**Problem description:**
Below are entries with pictures among them; reproduce exactly, and only, the lines from the one containing "TOYOTA RAV4 4WD HYBRID G - лот 3009" down to the one containing "Add tomatoes, cucumber", without the pictures.

**Supplied data:**
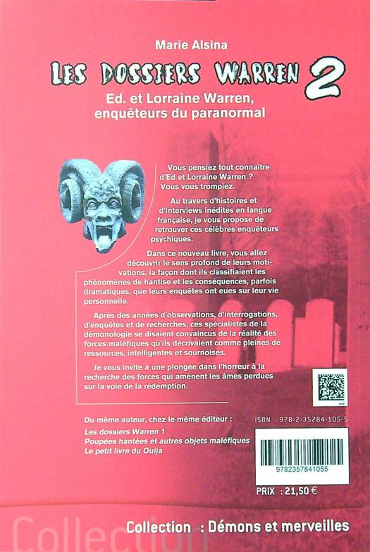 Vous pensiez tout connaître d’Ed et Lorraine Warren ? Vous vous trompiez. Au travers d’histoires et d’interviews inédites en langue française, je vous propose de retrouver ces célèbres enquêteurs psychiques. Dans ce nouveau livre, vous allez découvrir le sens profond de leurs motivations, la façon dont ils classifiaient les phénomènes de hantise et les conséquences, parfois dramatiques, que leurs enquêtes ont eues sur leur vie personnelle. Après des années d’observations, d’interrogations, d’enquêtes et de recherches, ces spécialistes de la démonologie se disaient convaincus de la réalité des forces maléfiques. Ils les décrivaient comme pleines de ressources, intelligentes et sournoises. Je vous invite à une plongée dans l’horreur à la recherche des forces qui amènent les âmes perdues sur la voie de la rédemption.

---

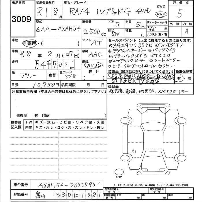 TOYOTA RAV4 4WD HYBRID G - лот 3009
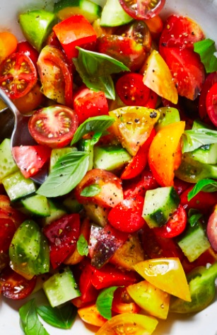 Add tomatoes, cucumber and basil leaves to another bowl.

**Solution:**
 TOYOTA RAV4 4WD HYBRID G - лот 3009
 Add tomatoes, cucumber and basil leaves to another bowl.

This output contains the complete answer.